Ebola en RDC: l'accès aérien au foyer de l'épidémie rétabli, baisse du nombre des cas suspects
Le seul aéroport donnant aux organisations humanitaires un accès à l'épicentre de l'épidémie de maladie Ebola en République démocratique du Congo (RDC) a rouvert mardi, un dernier bilan faisant état d'une baisse des cas suspects de contamination signalés.
La RDC a déclaré le 15 mai une épidémie de maladie Ebola, la 17e dans le pays africain de plus de 100 millions d'habitants. L'Organisation mondiale de la Santé (OMS) a déclenché une alerte sanitaire internationale. Son directeur général Tedros Adhanom Ghebreyesus, qui s'est entretenu avec le président congolais Félix Tshisekedi lundi, s'est rendu samedi dans le foyer de l'épidémie.
Selon l'OMS mardi et sur la base d'informations fournies par les autorités congolaises, le nombre de cas suspects est désormais à 116. Un bilan vendredi de l'Africa CDC, l'agence sanitaire de l'Union africaine, faisait état de 1.139 cas suspects dont 246 décès vraisemblablement causés par la maladie.
De nombreux malades "ont été écartés après vérification et souffrent soit d'autres maladies, soit n'ont présenté qu'un épisode de fièvre sans autre symptôme", a expliqué lors d'une conférence de presse à Genève le porte-parole Christian Lindmeier.
En réalité, peu de tests ont été menés en laboratoire jusqu'ici, essentiellement par manque de moyens en RDC.
Le gouvernement congolais, qui a récemment annoncé la guérison de plusieurs malades, s'est par ailleurs lancé ces derniers jours dans une vaste opération de communication pour assurer que "la situation est sous contrôle".
L'annonce d'une nouvelle épidémie de maladie Ebola dans le pays parmi les plus pauvres au monde avait créé l'inquiétude des autorités sanitaires internationales.
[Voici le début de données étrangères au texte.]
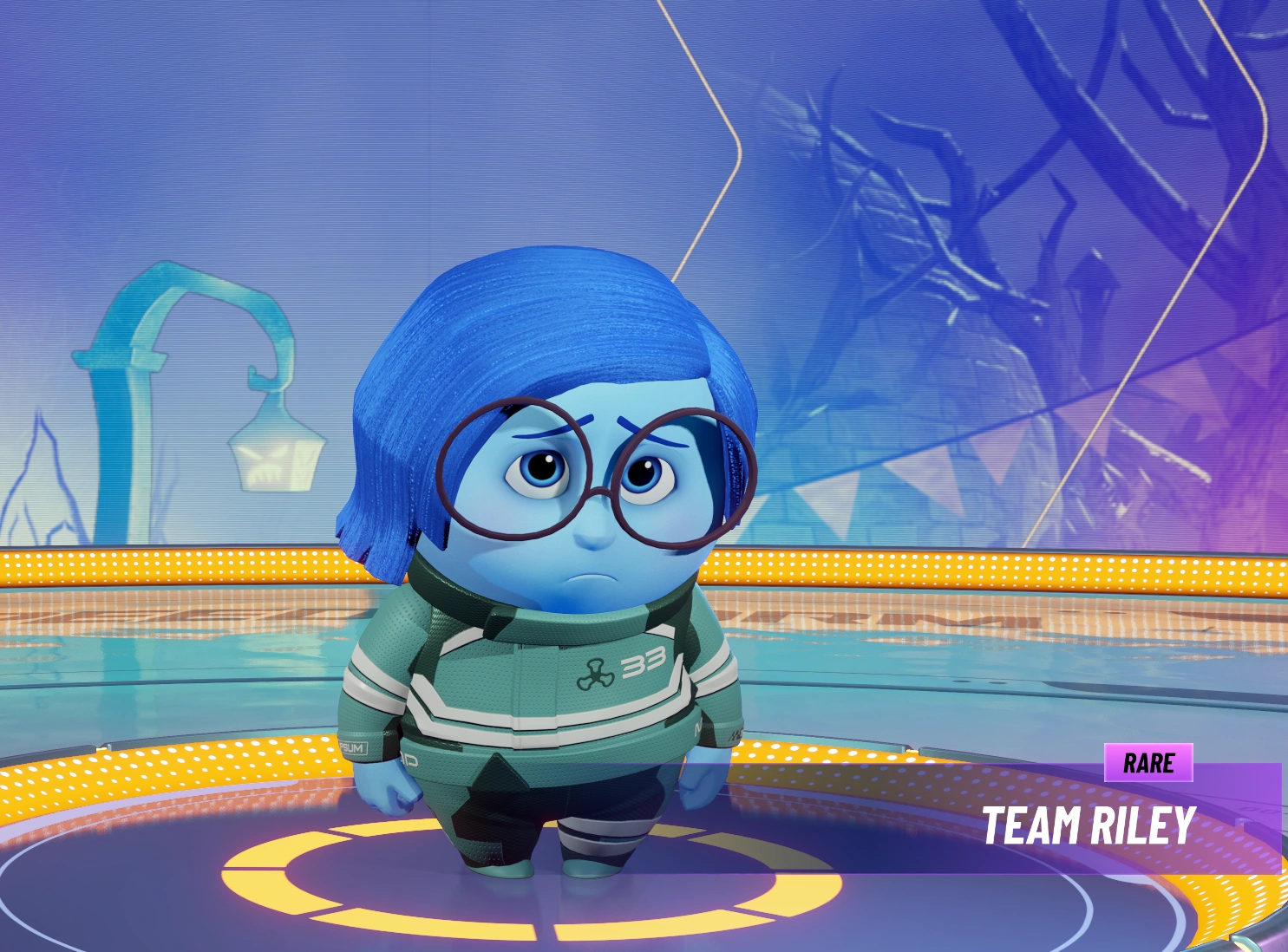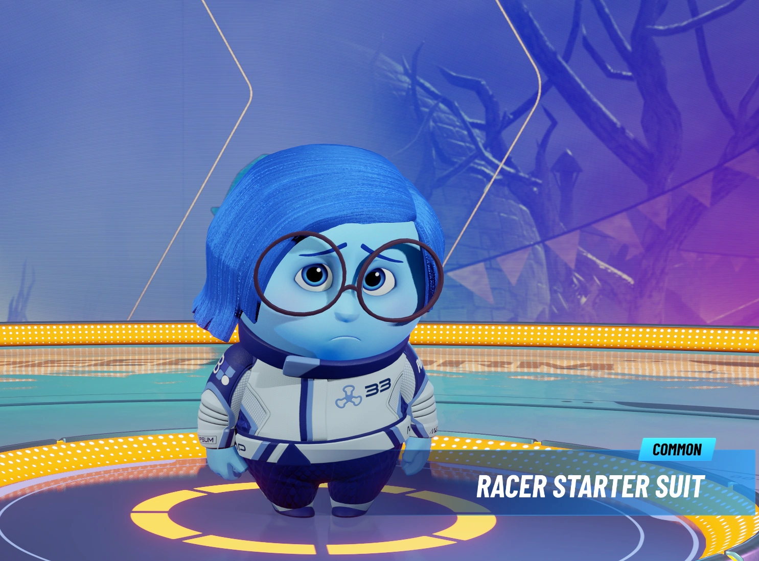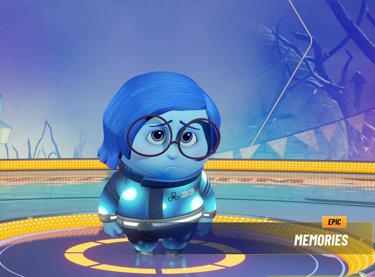 Sadness is one of the first and most basic emotions that appear in someone's head. In Disney Speedstorm, Sadness's racing suit is vaguely inspired by the blueness of the character in the original Disney film, however, most of the outfit remains blue with small light gray parts on her back, sleeves, belt and calves, unlike the cartoon where she was wearing a fluffy gray sweater. Sadness's big round glasses have been preserved in the game along with her pessimistic and indecisive personality. Her Unique ability allows her to use blue orbs to slow down her opponents or even start crying to affect them all at once.
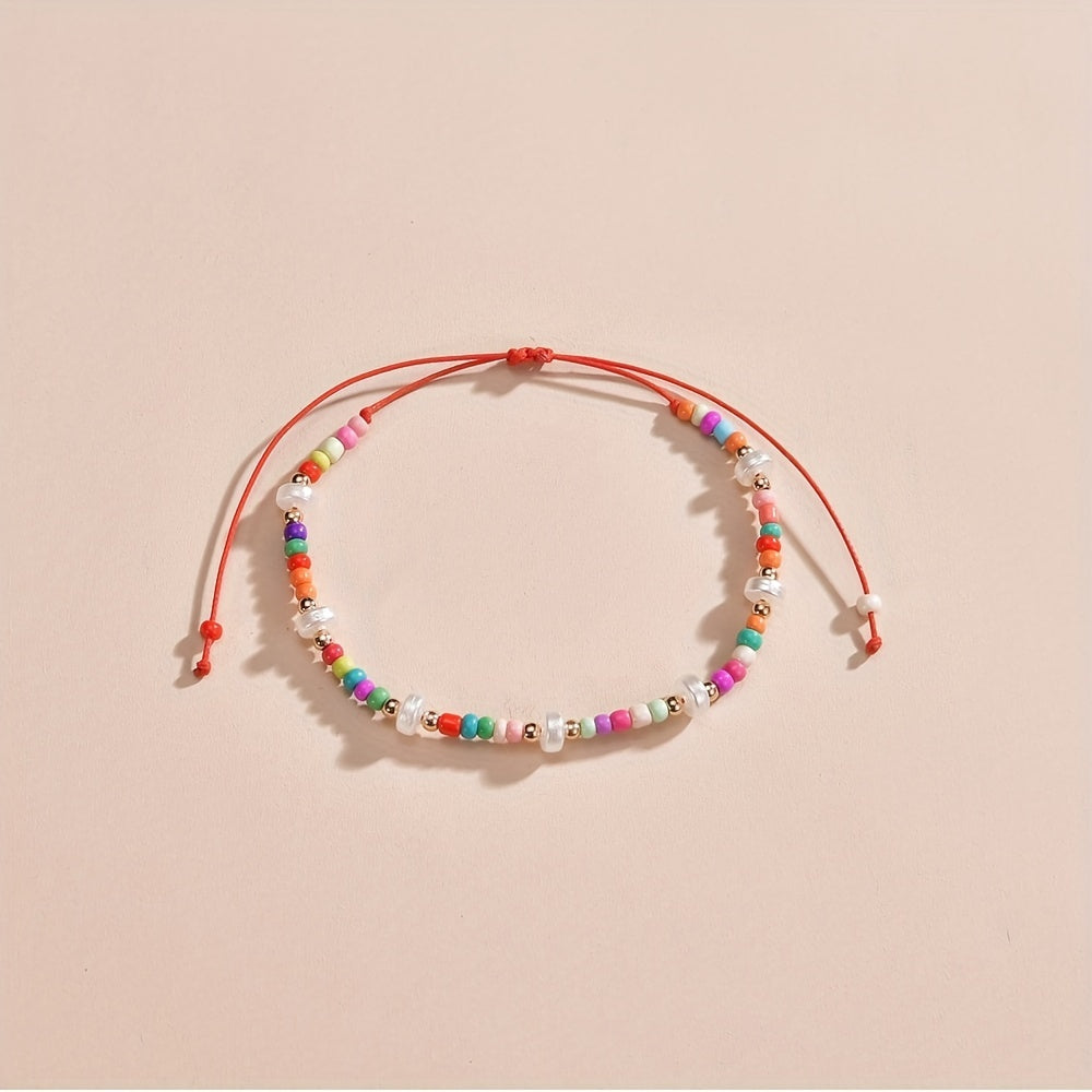 Elevate your style with this Bohemia anklet featuring colorful rice beads. The adjustable design ensures a comfortable fit for every woman.

D'autant qu'il n'existe ni vaccin, ni traitement spécifique pour le virus Bundibugyo, à l'origine de la flambée épidémique actuelle.
- "Reprise progressive" -
La plupart des grandes épidémies connues par le passé ont été dues au virus Zaïre, le seul pour lequel un vaccin est homologué. Ebola a tué plus de 15.000 personnes en Afrique ces 50 dernières années. L'épidémie la plus meurtrière en RDC avait fait près de 2.300 morts pour 3.500 malades recensés, entre 2018 et 2020.
L'Africa CDC a promis un vaccin pour Bundibugyo d'ici la fin de l'année. L'OMS planche sur des essais cliniques. Le risque sanitaire pour les pays proches de la RDC est "élevé", selon l'OMS, mais reste "faible" au niveau mondial.
En Ituri, province du nord-est congolais et foyer de l'épidémie, les services de l'État sont depuis longtemps absents. La plupart des structures médicales n'ont que peu de moyens et les soignants se sont trouvés désemparés par la magnitude de la crise.
La région est par ailleurs une des plus troublées du pays. Des groupes armés y commettent régulièrement des massacres et rendent l'accès difficiles.
L'enclavement et la situation sécuritaire a rendu la région largement dépendante de l'aéroport de Bunia, capitale provinciale, pour l'acheminement d'équipements sanitaires et de l'aide humanitaire.
La décision des autorités congolaises le 23 mai de suspendre les vols vers et depuis Bunia avait créé l'inquiétude de voir une riposte sanitaire encore ralentie. Quelques vols sanitaires et des vols spéciaux transportant des membres du gouvernement avaient toutefois été autorisés depuis Kinshasa.
Le ministre de la Santé Samuel Roger Kamba avait évoqué une nécessité de s'assurer de la mise en place de mesures sanitaires pour les voyageurs.
Après une évaluation "du processus de surveillance" de l'épidémie, "les conditions sont désormais réunies pour permettre une reprise progressive et sécurisée des activités aériennes", a indiqué mardi le ministère des Transports dans un communiqué.
Des mesures barrières telles que la prise de température systématique et le lavage de mains obligatoire avant l'embarquement seront mises en place.
Le Rwanda et l'Ouganda ont temporairement fermé leurs frontières avec la RDC. Les Etats-Unis projettent d'ouvrir au Kenya un centre de quarantaine pour les cas suspects ou avérés d'Ebola, essentiellement des Américains.
Le président kényan William Ruto a défendu mardi le projet malgré le rejet exprimé dans la rue par une partie de la population.